Ayrıca bu tür bakış ve tutumlardan rahatsızlık duyan otizmli birey ve ailesinin topluma katılım
arzusu yaralanmakta ve aileler öteki hissine kapılmaktadır. Böylece bunların sosyal aidiyet
duygusu zayıflamakta, sosyal katılım arzusu azalmaktadır (Çopuroğlu & Mengi, 2014: 612).

Otizmli bireylerde bazı yetersizliklerin yanı sıra, istenmeyen bazı davranışlar da


gözlenmektedir. Bu davranışlar problem davranışlar olarak kabul edilmektedir. Bu problemler
otizmli bireyin yeni beceriler öğrenmesini, var olan becerilerini kullanmasını, çevresi ile sosyal
etkileşimini ve toplumsal uyumunu olumsuz yönde etkileyen davranışlardır.
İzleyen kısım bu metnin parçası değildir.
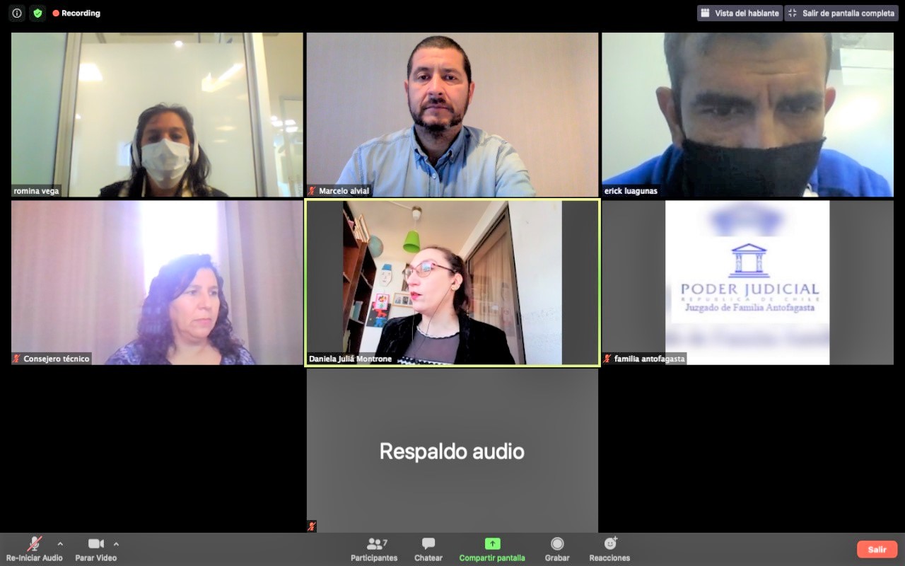 El Abogado Auxiliar del Consultorio JurÃdico Centro, Marcelo Alvial, dando continuidad al servicio de la CAJTA en el marco de la pandemia del Covid-19, comparece por videoconferencia como Abogado Ad-Litem a las distintas Audiencias Preparatorias de Medidas de Protección ante el del Tribunal de Familia de Antofagasta.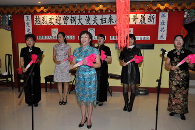 2011年2月8日,驻墨西哥大使曾钢和夫人刘令娥出席墨西哥华人华侨社团联合总会、墨西哥中国和平统一促进会和墨西哥中国人总商会联合举办的欢迎晚会。

Otizmli bireylerde
özellikle davranışsal ve duyusal problemler yaygın olarak görülmektedir. Bu bireylerde kendine
zarar verici davranışlar, öfke nöbetleri ve tekrarlayan davranışlar yoğun olarak görülen problem
davranışlardan bazılarıdır. Bu problemler otizmli bireylerin ve ailesinin hayatını zorlaştırmakta,
bireyin yeni beceriler öğrenmesini ve çevresi ile etkileşime girmesini engellemektedir. Ayrıca,
otizmli bireylerde beslenme ve uyku sorunlarının çok yaygın olduğu bilinmektedir. Bunlar
uykuya dalmakta zorlanma, sık sık geceleri uyanma ve sabahları erken kalkma gibi sorunlarla
karşı karşıya kalabilmektedirler (Dominick vd., 2007’den Aktaran Çopuroğlu & Mengi, 2014:
613).

Otizmli Bireylerin Müzik Aracılığıyla Sosyalleşmesi

Günlük yaşamlarında seslerle deneyimleri olan ve müziğe yakınlık duyan farklı gelişen
çocuklar, duyularını kullanmak yoluyla çoğu zaman işittikleri müziğin içeriği ile yakınlık
kurarlar. Müzik, çocuğun yaşamı algılaması, yorumlaması, yaratıcılık ve düşünme sistematiği
geliştirmesi ve eğitimi konusunda bir yardımcıdır. Ayrıca, müzik çocuğun ruhsal dengesinin
sağlanmasında ve dinginleşmesinde, güvensizlik, gerilim ve kaygı temelli saldırgan
davranışlarının düzenlenmesinde önemli bir etkendir. Duygularını ifade etmekte güçlük
yaşayan farklı gelişim gösteren bireyler için müzik bir ifade aracı olarak kullanılarak bireylerin
duygusal gelişimleri bu yolla desteklenebilir. Müzik, çocuğun dikkatini yoğunlaştırır ve gözlem
yeteneğini güçlendirerek bellekte tutma, izleme ve taklit etme davranışlarını geliştirir (Ürfüoğlu
1983’ten Aktaran Kınalı, 2003: 259).

Bilişsel meselelerde sosyal bir psikolojik süreç vardır. Bu anlamda bakıldığında müzik,
psikososyal bir sorun olarak karşımıza çıkar. Çocuk, müzikle ilişkilendirildiği zaman
sosyalleşme noktasında sosyal bir alanda varlıklı olarak yer alır. Bu da çocuğun psikolojik
yapısında olumlu bir etki sağlar. Sosyal yapı psikolojik yapıyı, psikolojik yapı da sosyal yapıyı
belirler; sosyalleşemeyen çocuğun psikolojisi bozulur, psikolojisi bozulan çocuk da
sosyalleşemez. Belirli çevrede dışlanan bir insanın psikolojisinde bir bozulma olabilir. Bu
bozulma başka sosyal çevrelerini de etkileyebilir. Bu perspektiften bakıldığında otistik
çocukların müziksel olarak ilişkilenmeleri süreci iki yönlüdür; Birincisi, bulundukları sosyal
çevre (ev ve eğitim kurumu) içerisindeki bu problem ve hastalıkla olan yüzleşmede müziğin bir
anlamda çocuğun bunun dışına çıkmasına yardımcı olması, ikincisi ise birlikte müzik yapma
bağlamında birisiyle müzik yapmak için bir araya gelme düşüncesinin çocuk için sosyal bir
ortam sağlamasıdır (Berrakçay, 2008: 17).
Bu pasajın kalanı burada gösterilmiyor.